Ensemble architectures proposed for classification of MEG recordings based on Deep-MEG features and image-based representations of FC. a Ensemble #1: ensemble architecture for binary classification. b Ensemble #2: cooperative architecture based on AND Logic and the RGB images for the three-class scenario of HC vs sMCI vs pMCI at the pre-conversion stage

3.7.1 Deep-MEG ensemble #1

An ensemble architecture was used in which base classifiers receive as input different FC images, also relative to diverse frequency bands, and are trained independently with the same set of patients. The outputs of individual classifiers, i.e., the probability scores of belonging to each class, are combined to derive the final assignment. In particular, the average values among the probability scores assigned to each class by the base classifiers were computed, and the sample was assigned to the class with the maximum obtained value between the two, as shown in Fig. 4a. Ensemble classifiers were obtained for discriminating the pMCI from the sMCI at both the pre- and post-conversion stages, as well as for discriminating HC from each of the two MCI classes.

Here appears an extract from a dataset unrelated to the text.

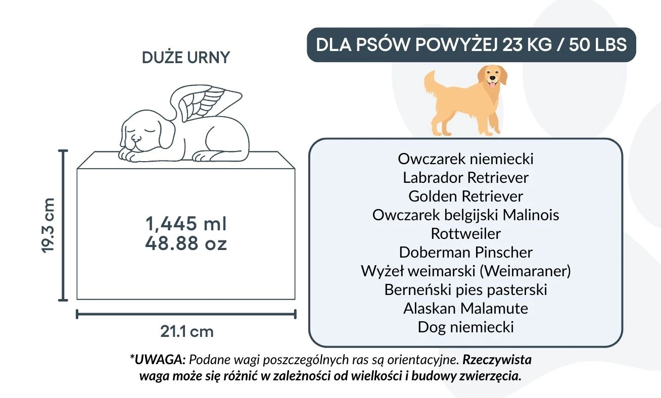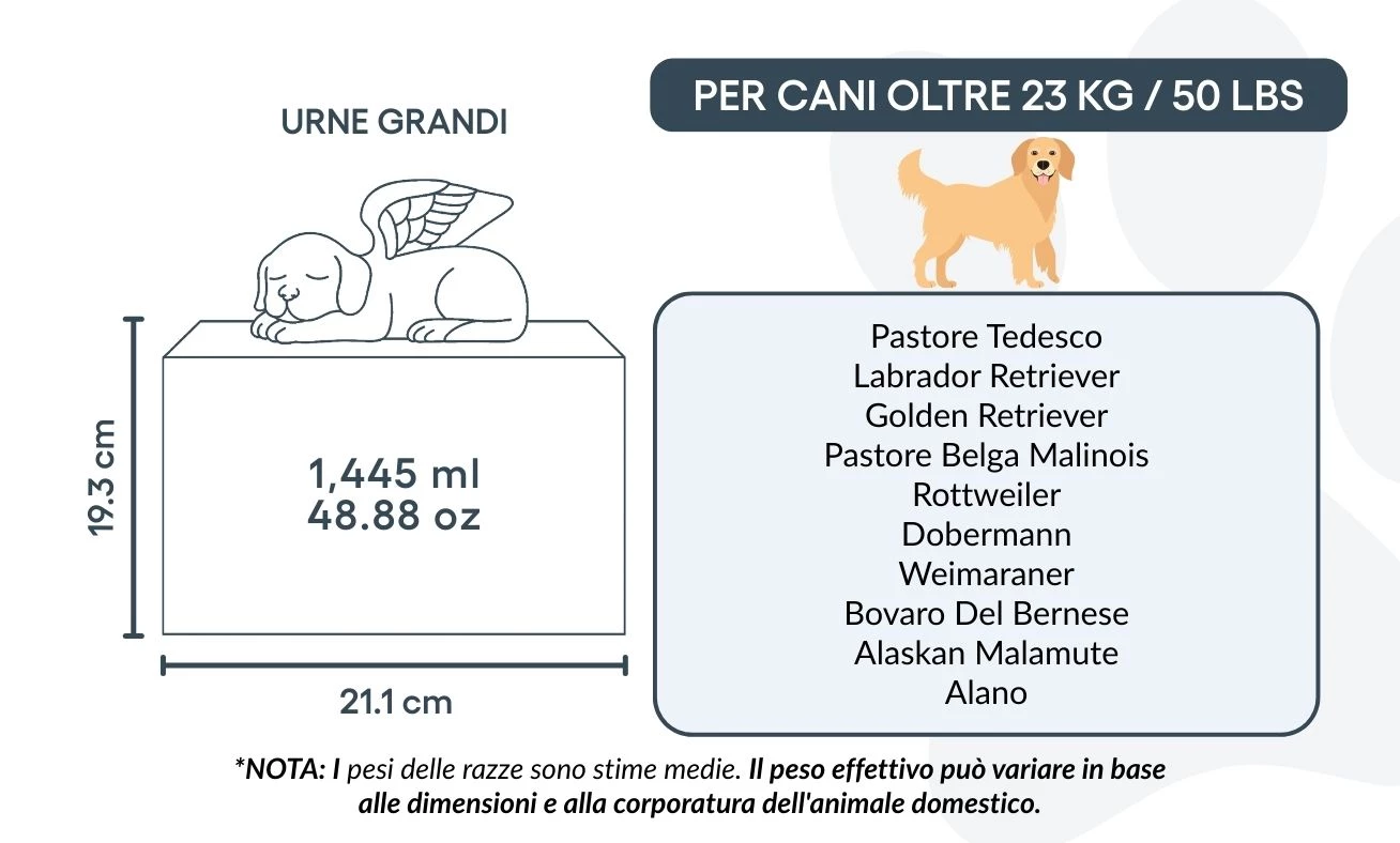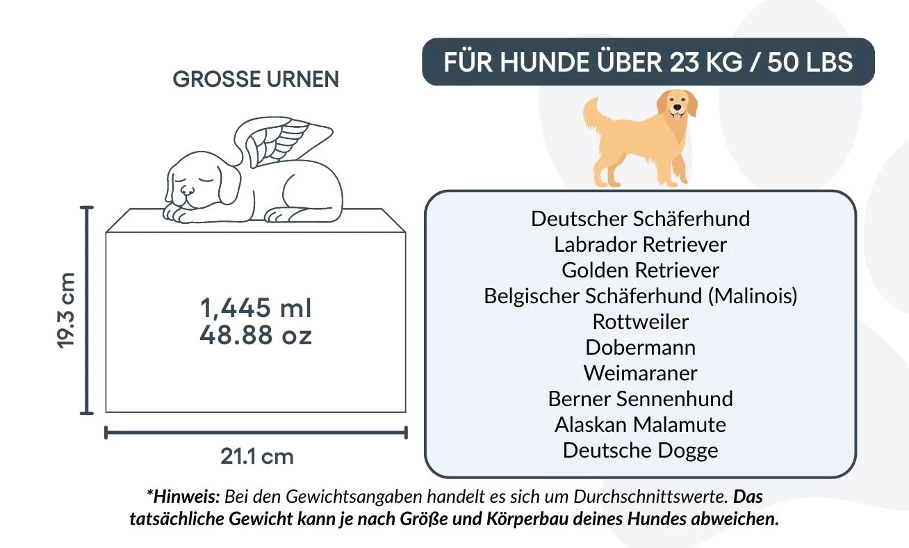 Med en generös kapacitet på cirka 1 445 ml passar denna träurna för mellan- till större hundar. Oavsett om du vill bevara askan efter en trogen följeslagare eller skapa en vacker plats för minne och stillhet, erbjuder denna urna ett tröstande och värdigt sätt att hålla dem nära.

3.7.2 Deep-MEG ensemble #2

The cooperative decision-making procedure, shown in Fig. 4b, is based on an AND logic between two base classifiers: one trained with the RGB images on MCI subjects for the discrimination of sMCI from pMCI patients and the other trained with the \({\text{PLV}}_{{{\text{cen}}}}\) map in the θ band, for the discrimination of HC from MCI patients. At the test level, a consensus mechanism is applied between the two classifiers so that the sample is assigned to the pMCI class only if both classifiers agree, i.e., if the probability scores of belonging to the pMCI and MCI classes are both higher than 0.5. The sample is assigned to the HC class if the probability score of belonging to the HC class is higher than 0.5; otherwise, the sample is assigned to the sMCI class.

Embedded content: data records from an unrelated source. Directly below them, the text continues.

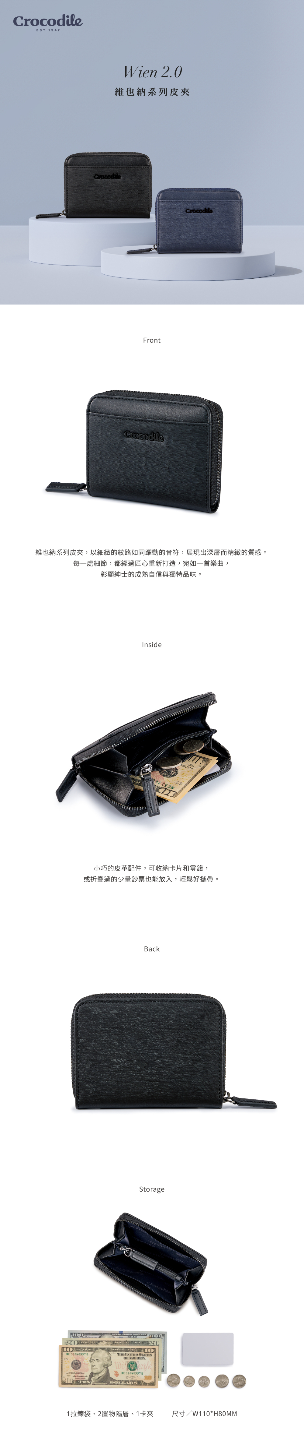 說明:1拉鍊袋/2置物隔層/1卡夾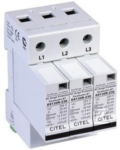 Ogranicznik przepięć Typ 1+2 (BC) 37,5KA 3P DS133RS-230 o numerze katalogowym C571513 w kategorii Ograniczniki przepięć typ 1+2, Ograniczniki przepięć. Produkt wyprodukowany przez markę CITEL, seria DS..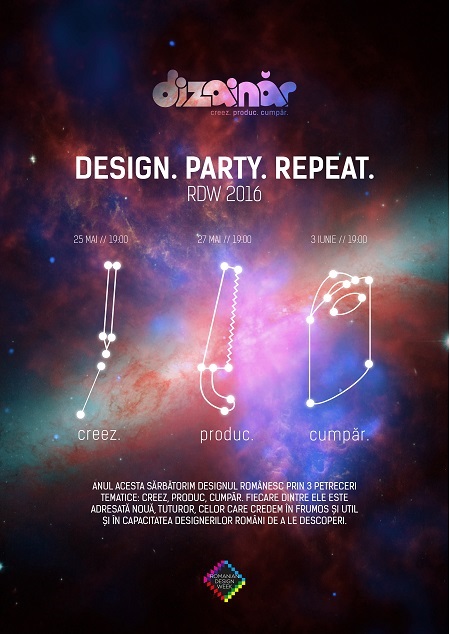 Prin CREEZ, pe 25 mai, Dizainăr propune să vedem ce înseamnă actul creației, iar la petrecerea PRODUC, din 27 mai, vom pune mâna să producem împreună o instalație dedicată designul românesc. La ultima petrecere Dizainăr la Romanian Design Week 2016, CUMPĂR, întâmpinăm vara pe 3 iunie cu o petrecere în grădina din fața magazinului și cu o selecție de obiecte de design la un preț special.

The θ band has been chosen, in the present ensemble architecture, for the discrimination of HC from MCI patients due to its discrimination capability in preliminary tests and because changes in the θ band have been reported in the literature as indicative of MCI [39, 44]. In particular, the studies conducted by Lopez et al. [39, 44] outlined a hyper-synchronization of the θ band in MCI patients compared to the control subjects in resting state, which was also related to hippocampal atrophy and to lower global cognitive status. The increase in θ power is also considered as the most stable pattern of EEG activity in MCI patients [39], claim that has been confirmed by the present and the other studies on MEG signals [39, 44].

4 Results

In this section, the obtained results are presented for different classification scenarios. First, we report the results obtained for the classification of MEG recordings of the MCI subjects as sMCI or pMCI with respect to two classification approaches: (1) individual Deep-MEG classifiers based on different FC maps and on the RGB images (2) Deep-MEG ensemble #1. Finally, for the early detection of AD within a more complete scenario also including HC subjects, the results obtained with ensemble #2 are reported. Results are labeled as post-conversion when the MCI data include pMCI patients who met the criteria for probable AD and as pre-conversion when the pMCI patients were still clinically undistinguishable from the sMCI patients.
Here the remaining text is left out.